Most of the examples I come across to use Kafka in Kubernetes is to deploy it as a headless service but I am not able to get the answer yet on why it should be headless and not Cluster IP? In my opinion cluster, IP provides the load balancing in which we ensure out of the box that not only one of the broker gets loaded always with its resources as I see with headless the Kafka clients be it sarma or java client tries to pick always the first IP from the DNS lookup and connects to it, will this not be a bottleneck if there are around 100+ clients trying to do the same and open connection to the first IP? or Kafka handles this inbuilt already which I am still trying to understand how it really happens.

-- Melwyn Jensen
apache-kafka
kubernetes
load
load-balancing

1 Answer

1/17/2020

When there is no differentiation between various instances of a services(replicas of a pod serving a stateless application), you can expose them under a ClusterIP service as connecting to any of the replica to serve the current request is okay. This is not the case with stateful services(like Kafka, databases etc). Each instance is responsible for it's own data. Each instance might be owning a different partition/topic etc. The instances of the service are not exact "replicas". Solutions for running such stateful services on Kubernetes usually use headless services and/or statefulsets so that each instance of the service has a unique identity. Such stateful applications usually have their own clustering technology that rely on each instance in the cluster having a unique identity.
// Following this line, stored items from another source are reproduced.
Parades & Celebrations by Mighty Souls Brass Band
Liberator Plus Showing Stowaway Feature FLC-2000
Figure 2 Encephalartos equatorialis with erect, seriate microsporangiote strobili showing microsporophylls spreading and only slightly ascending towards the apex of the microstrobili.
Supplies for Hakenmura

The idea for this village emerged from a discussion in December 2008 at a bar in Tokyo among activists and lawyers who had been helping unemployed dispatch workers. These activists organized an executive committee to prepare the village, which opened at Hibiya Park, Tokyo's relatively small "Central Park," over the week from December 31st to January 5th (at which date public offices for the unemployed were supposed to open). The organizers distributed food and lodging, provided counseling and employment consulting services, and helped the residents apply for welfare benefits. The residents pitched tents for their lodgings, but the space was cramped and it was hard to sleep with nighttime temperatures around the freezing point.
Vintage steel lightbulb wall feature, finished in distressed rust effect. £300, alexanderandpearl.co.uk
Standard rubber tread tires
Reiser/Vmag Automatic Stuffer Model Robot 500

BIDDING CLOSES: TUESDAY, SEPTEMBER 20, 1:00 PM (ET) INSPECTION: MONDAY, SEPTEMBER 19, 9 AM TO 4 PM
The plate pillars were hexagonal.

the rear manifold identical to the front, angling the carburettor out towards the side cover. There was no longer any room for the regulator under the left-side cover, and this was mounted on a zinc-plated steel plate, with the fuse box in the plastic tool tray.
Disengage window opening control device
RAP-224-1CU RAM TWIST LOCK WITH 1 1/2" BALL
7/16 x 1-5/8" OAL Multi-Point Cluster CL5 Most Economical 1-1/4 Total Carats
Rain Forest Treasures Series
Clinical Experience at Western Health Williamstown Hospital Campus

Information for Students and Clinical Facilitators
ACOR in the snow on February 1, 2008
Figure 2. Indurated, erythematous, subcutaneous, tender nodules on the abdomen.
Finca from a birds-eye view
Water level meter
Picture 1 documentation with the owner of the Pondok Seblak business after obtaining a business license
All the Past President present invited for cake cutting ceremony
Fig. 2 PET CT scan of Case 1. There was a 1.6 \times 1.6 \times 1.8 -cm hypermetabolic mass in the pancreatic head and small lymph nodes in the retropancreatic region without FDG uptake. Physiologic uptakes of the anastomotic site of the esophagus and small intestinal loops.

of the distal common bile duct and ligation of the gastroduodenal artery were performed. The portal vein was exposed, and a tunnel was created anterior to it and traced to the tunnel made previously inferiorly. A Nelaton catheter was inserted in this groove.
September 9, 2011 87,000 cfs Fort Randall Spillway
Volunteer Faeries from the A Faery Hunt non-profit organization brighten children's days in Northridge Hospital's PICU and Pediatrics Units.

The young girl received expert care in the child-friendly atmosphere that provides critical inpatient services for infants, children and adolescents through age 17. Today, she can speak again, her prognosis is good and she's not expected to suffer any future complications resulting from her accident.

Now that you know why stable identities are required for stateful applications and how statefulsets with headless services provide stable identities, you can check how your Kafka distributions might using them to run Kafka on kubernetes.

This blog post explains how strimzi does it:

For StatefulSets – which Strimzi is using to run the Kafka brokers – you can use the Kubernetes headless service to give each of the pods a stable DNS name. Strimzi is using these DNS names as the advertised addresses for the Kafka brokers. So with Strimzi:

  • The initial connection is done using a regular Kubernetes service to get the metadata.

  • The subsequent connections are opened using the DNS names given to the pods by another headless Kubernetes service.

-- Shashank V
Source: StackOverflow